PHDs, expressed in the HeLa S3 cell lines, recognize specifically a subset of active promoters and to a lesser extent enhancers. a Western blot with anti-GFP antibody to detect NLS-EYFP-tagged clustered PHDs domains, expressed in stable HeLa S3 cell lines, generated by lentiviral transduction. Left panel—whole cellular lysate. Right panel—enriched proteins after GFP-Trap. b Scheme of greenCUT&RUN (gC&R) experiments. c IGV genome browser, showing read patterns of C&R hCOMPASS-like core subunits (WDR5, RbBP5 and KMT2A) and gC&R of clustered PHDs (2A13, 2C14, 2C57, 2D13, 2D46). The HMM lane shows imputed chromatin states; active promoter regions in red, active enhancers in yellow and orange and transcribed regions in green. d-e Heatmap plots comparing the distribution of reads around the TSS region (± 2 kb) of d clustered PHDs and NLS-EYFP (negative control) gC&R signals in comparison with the background of parental HeLa S3 cells and e hCOMPASS-like core subunits in comparison with IgG negative control. f-g Venn diagrams comparing MACS2 peaks of f selected PHDs (2A13, 2D13, 2D46) and g 2A13 with full-length hCOMPASS-like subunits (KMT2A, WDR5). Randomly shuffled data are shown in Suppl. Figure 3h. h Genomic distribution of PHDs and selected hCOMPASS-like subunits peaks. The quantification shows the enrichment in comparison with a random shuffle. Distribution without enrichment is shown in Suppl. Figure 3j. i Jaccard analysis comparing the genome-wide distribution of peaks of selected proteins and HMM imputed chromatin states. Enhancers are in light blue, promoters in yellow, poised or repressed chromatin states in red, and other chromatin states in black. The darker the signal, the stronger overlap is observed between the two samples. A detailed characterisation of imputed chromatin promoter and enhancer states considering chromatin marks is shown in Suppl. Figure 5c

To gain genome-wide insight into chromatin reader interaction patterns, we used stable cell lines for greenCUT&RUN (gC&R). gC&R relies on an MNase-anti-GFP nanobody, which cuts DNA around nucleosomes that are bound by an EYFP-tagged fusion protein of interest (Fig. 3b). For a better understanding of the role of PHD domains in the recruitment of KMT2A-D proteins, we also used standard C&R with antibodies against full-length KMT2 (KMT2A, KMT2C and KMT2D) proteins and hCOMPASS-like subunits (WDR5, RbBP5). The antibodies against full-length KMT2C and KMT2D did not yield useful sequencing data.
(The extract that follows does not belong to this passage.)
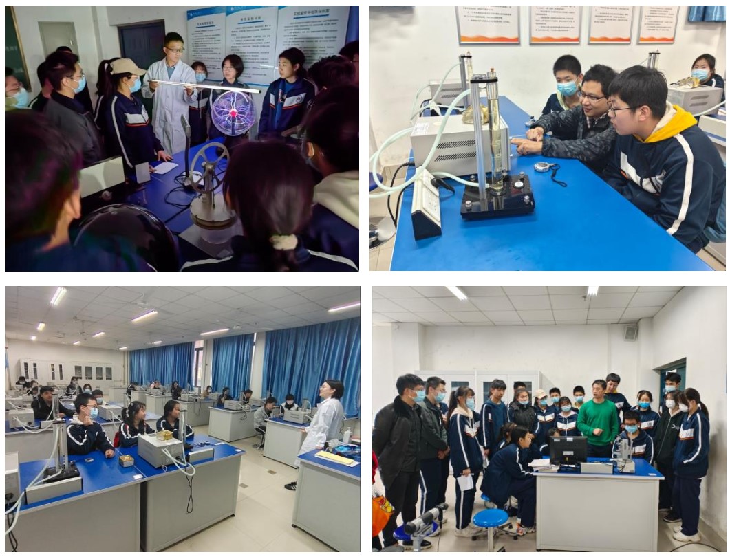 物理文化长廊包括“改变世界的物理学”系列,“诺贝尔奖”系列,“时间长河”系列,“科学史上的中国星”系列等展板,饮水鸟、外燃机、混沌摆,光栅立体图、视错觉图等模型及挂图200余项。演示实验室参观了飞机升力、辉光放电、超导磁悬浮、驻波、高压静电等数十个项目。教学实验室重点体验了液体粘滞系数的测量,学习分光计的调节和三棱镜顶角测量方法,观察棱镜色散现象。
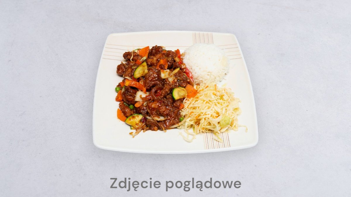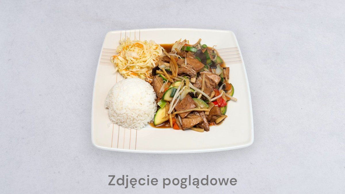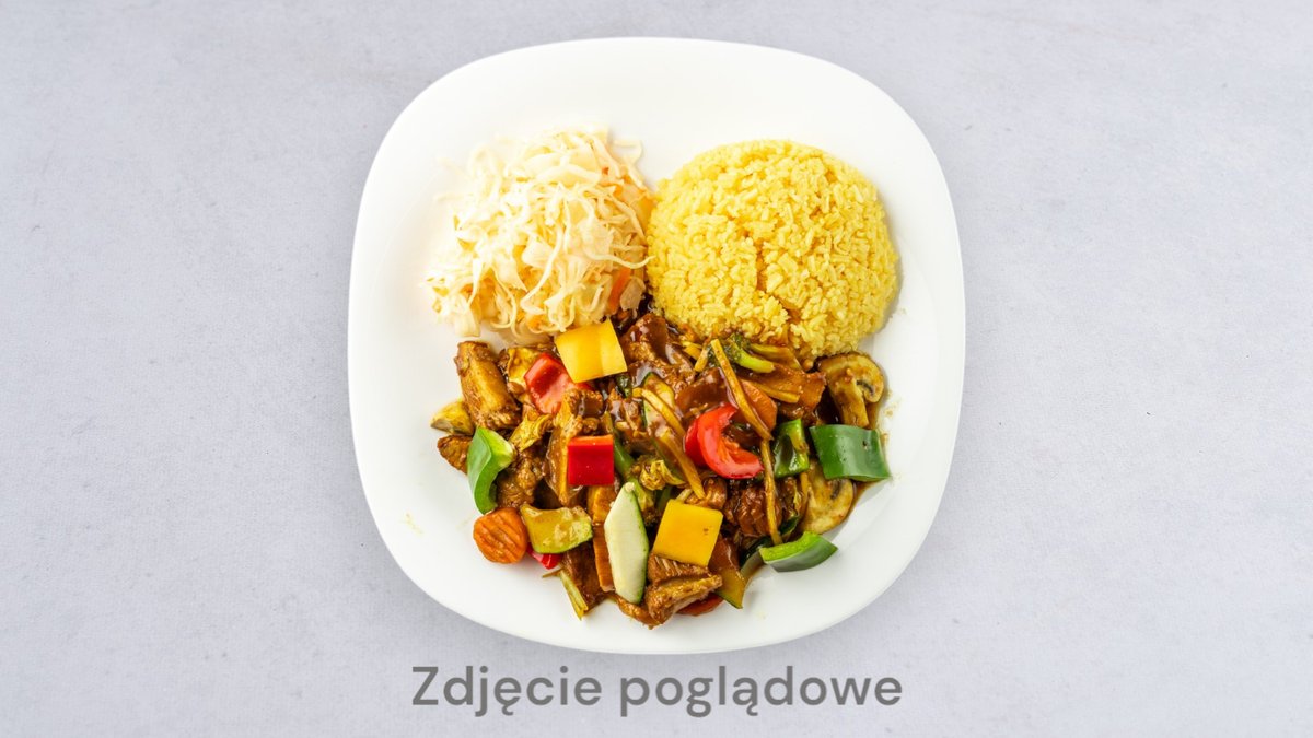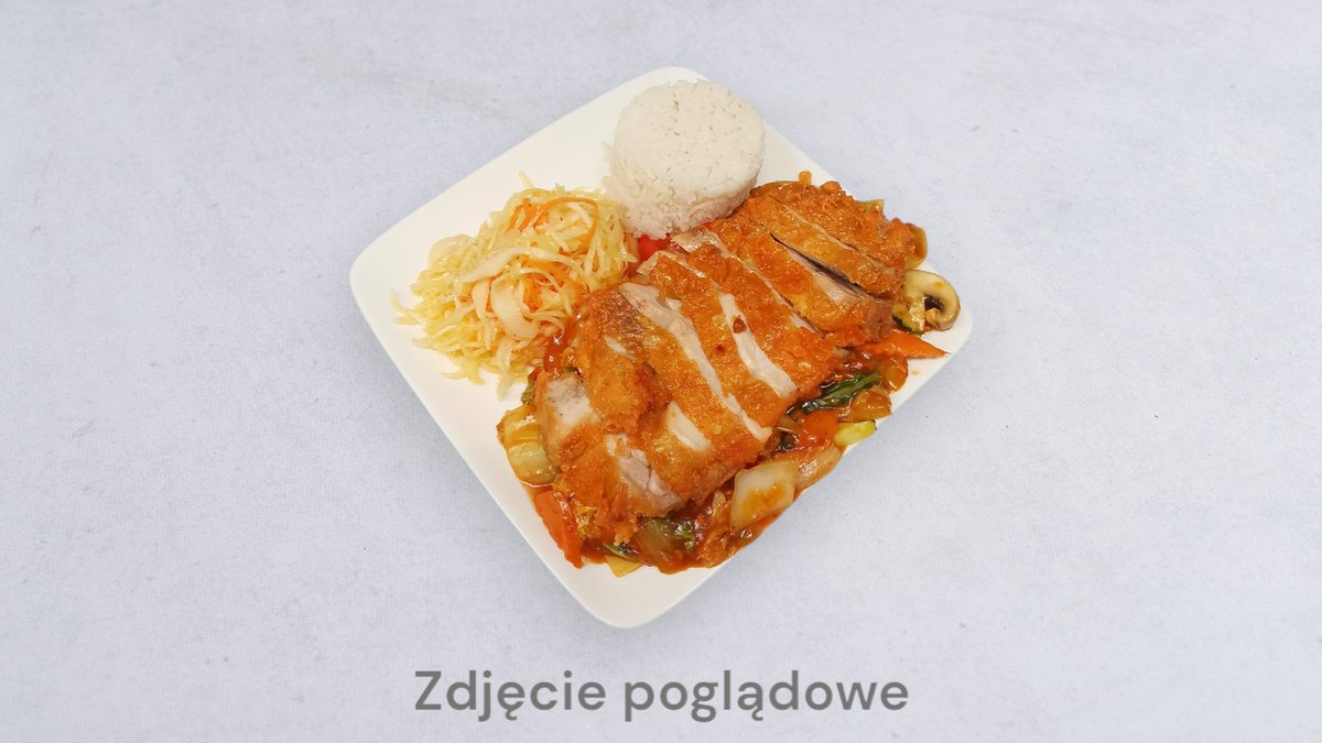 Wszystkie dania podawane są z ryżem i surówką; możliwość wymiany ryżu na frytki, ryż smażony lub makaron smażony za dopłatą 4 zł;

Read patterns of the gC&R data appeared similar for all clustered PHDs when inspected in a genome browser (Fig. 3c). The NLS-EYFP negative control was comparable to the parental HeLa S3 background, indicating that the NLS-EYFP-tag did not cause artificial chromatin binding (Fig. 3c). Moreover, binding sites for PHDs and full-length proteins typically overlapped (Fig. 3c). Genomic heatmaps indicated strong enrichment of PHDs around transcriptional start sites (TSS), with the peak just upstream (~ 150-200nt) (Fig. 3d). We also observed a similar distribution for the investigated full-length hCOMPASS-like subunits. However, the sharp peak of KMT2A was shifted and located exactly at the TSS (Fig. 3e). The nearly symmetrical peaks extended into the promoter region, but also downstream into the transcribed region.

We obtained good-quality sequencing data for NLS-EYFP-2A13 (~ 12 000 peaks), NLS-EYFP-2D13 (~ 20 500 peaks), NLS-EYFP-2D46 (~ 18 500 peaks) and moderate-quality sequencing data for NLS-EYFP-2C14 (~ 2 800 peaks) and NLS-EYFP-2C57 (~ 1 100 peaks). Importantly, the negative control of NLS-EYFP showed only around 70 peaks. In agreement with the observation from inspection in a genome browser, many binding sites of the PHDs were shared (~ 5 500 peaks for NLS-EYFP-2A13, NLS-EYFP-2D13, and NLS-EYFP-2D46) for the actual, but not randomly shuffled data (Fig. 3f, Suppl. Figure 3e, f). For the full-length proteins, we observed very well-defined, but fewer (2 500—5 800) binding sites than for the PHDs. These binding sites strongly overlapped with each other (~ 1 200 common peaks, Suppl. Figure 3g) and partially with clustered PHDs (Fig. 3g, Suppl. Figure 3h ~ 1 100 common peaks for NLS-EYFP-2A13, KMT2A, and WDR5, Suppl. Figure 3i ~ 800 common peaks for NLS-EYFP-2A13, 2D13, 2D46, KMT2A, and WDR5). The overlap was absent upon random shuffle, confirming its relevance (Fig. 3g, Suppl. Figure 3h).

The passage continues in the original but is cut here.